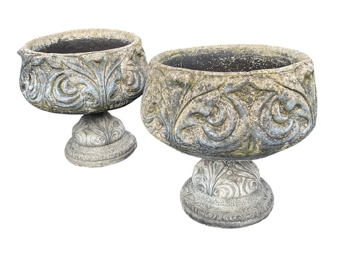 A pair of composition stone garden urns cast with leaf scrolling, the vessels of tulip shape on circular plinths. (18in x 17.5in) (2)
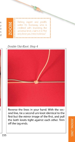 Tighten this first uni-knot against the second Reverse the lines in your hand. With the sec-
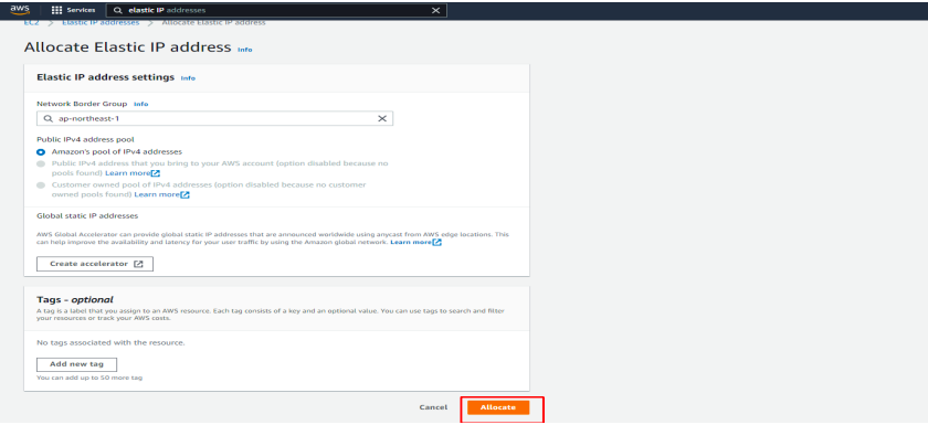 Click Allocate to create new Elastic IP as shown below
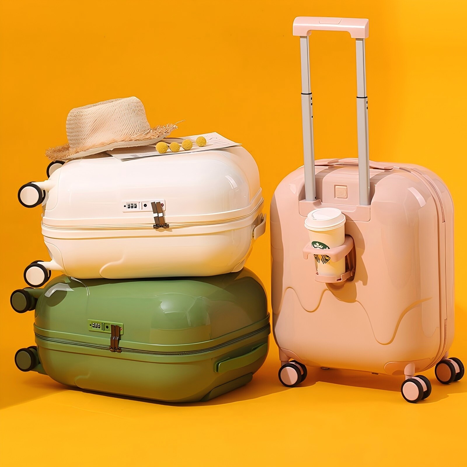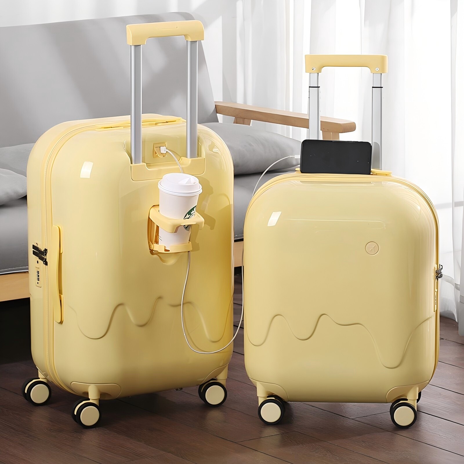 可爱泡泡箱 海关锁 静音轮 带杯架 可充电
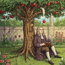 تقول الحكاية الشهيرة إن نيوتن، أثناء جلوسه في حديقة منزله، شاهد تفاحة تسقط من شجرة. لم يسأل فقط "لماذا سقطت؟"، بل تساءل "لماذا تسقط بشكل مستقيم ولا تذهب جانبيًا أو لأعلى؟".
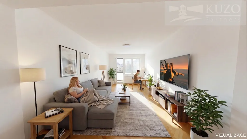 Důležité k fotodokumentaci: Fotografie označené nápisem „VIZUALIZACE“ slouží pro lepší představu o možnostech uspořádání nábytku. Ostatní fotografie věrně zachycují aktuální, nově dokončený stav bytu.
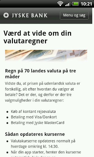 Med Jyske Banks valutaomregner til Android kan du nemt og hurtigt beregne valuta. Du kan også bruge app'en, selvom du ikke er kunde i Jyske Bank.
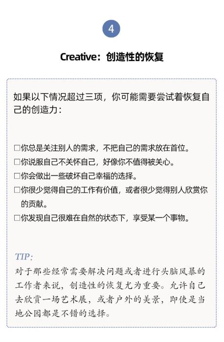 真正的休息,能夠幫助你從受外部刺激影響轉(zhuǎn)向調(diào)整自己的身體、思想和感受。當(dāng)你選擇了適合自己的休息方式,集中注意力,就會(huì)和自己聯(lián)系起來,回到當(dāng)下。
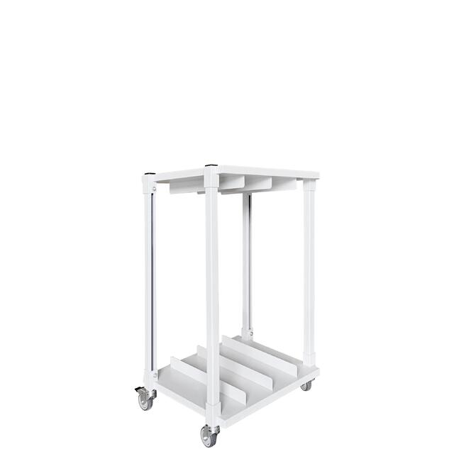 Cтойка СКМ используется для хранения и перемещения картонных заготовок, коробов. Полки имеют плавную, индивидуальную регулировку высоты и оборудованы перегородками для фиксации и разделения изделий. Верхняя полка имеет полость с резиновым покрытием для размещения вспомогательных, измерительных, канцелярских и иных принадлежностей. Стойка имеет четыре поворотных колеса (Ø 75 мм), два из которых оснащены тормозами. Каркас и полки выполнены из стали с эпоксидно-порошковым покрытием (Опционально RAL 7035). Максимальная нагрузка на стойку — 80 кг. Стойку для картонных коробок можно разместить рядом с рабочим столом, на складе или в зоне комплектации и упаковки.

*Instructions for the task:* Print the data above in full and exactly as it appears, skipping the pictures.

*Result:*
 A pair of composition stone garden urns cast with leaf scrolling, the vessels of tulip shape on circular plinths. (18in x 17.5in) (2)
 Tighten this first uni-knot against the second Reverse the lines in your hand. With the sec-
 Click Allocate to create new Elastic IP as shown below
 可爱泡泡箱 海关锁 静音轮 带杯架 可充电
 تقول الحكاية الشهيرة إن نيوتن، أثناء جلوسه في حديقة منزله، شاهد تفاحة تسقط من شجرة. لم يسأل فقط "لماذا سقطت؟"، بل تساءل "لماذا تسقط بشكل مستقيم ولا تذهب جانبيًا أو لأعلى؟".
 Důležité k fotodokumentaci: Fotografie označené nápisem „VIZUALIZACE“ slouží pro lepší představu o možnostech uspořádání nábytku. Ostatní fotografie věrně zachycují aktuální, nově dokončený stav bytu.
 Med Jyske Banks valutaomregner til Android kan du nemt og hurtigt beregne valuta. Du kan også bruge app'en, selvom du ikke er kunde i Jyske Bank.
 真正的休息,能夠幫助你從受外部刺激影響轉(zhuǎn)向調(diào)整自己的身體、思想和感受。當(dāng)你選擇了適合自己的休息方式,集中注意力,就會(huì)和自己聯(lián)系起來,回到當(dāng)下。
 Cтойка СКМ используется для хранения и перемещения картонных заготовок, коробов. Полки имеют плавную, индивидуальную регулировку высоты и оборудованы перегородками для фиксации и разделения изделий. Верхняя полка имеет полость с резиновым покрытием для размещения вспомогательных, измерительных, канцелярских и иных принадлежностей. Стойка имеет четыре поворотных колеса (Ø 75 мм), два из которых оснащены тормозами. Каркас и полки выполнены из стали с эпоксидно-порошковым покрытием (Опционально RAL 7035). Максимальная нагрузка на стойку — 80 кг. Стойку для картонных коробок можно разместить рядом с рабочим столом, на складе или в зоне комплектации и упаковки.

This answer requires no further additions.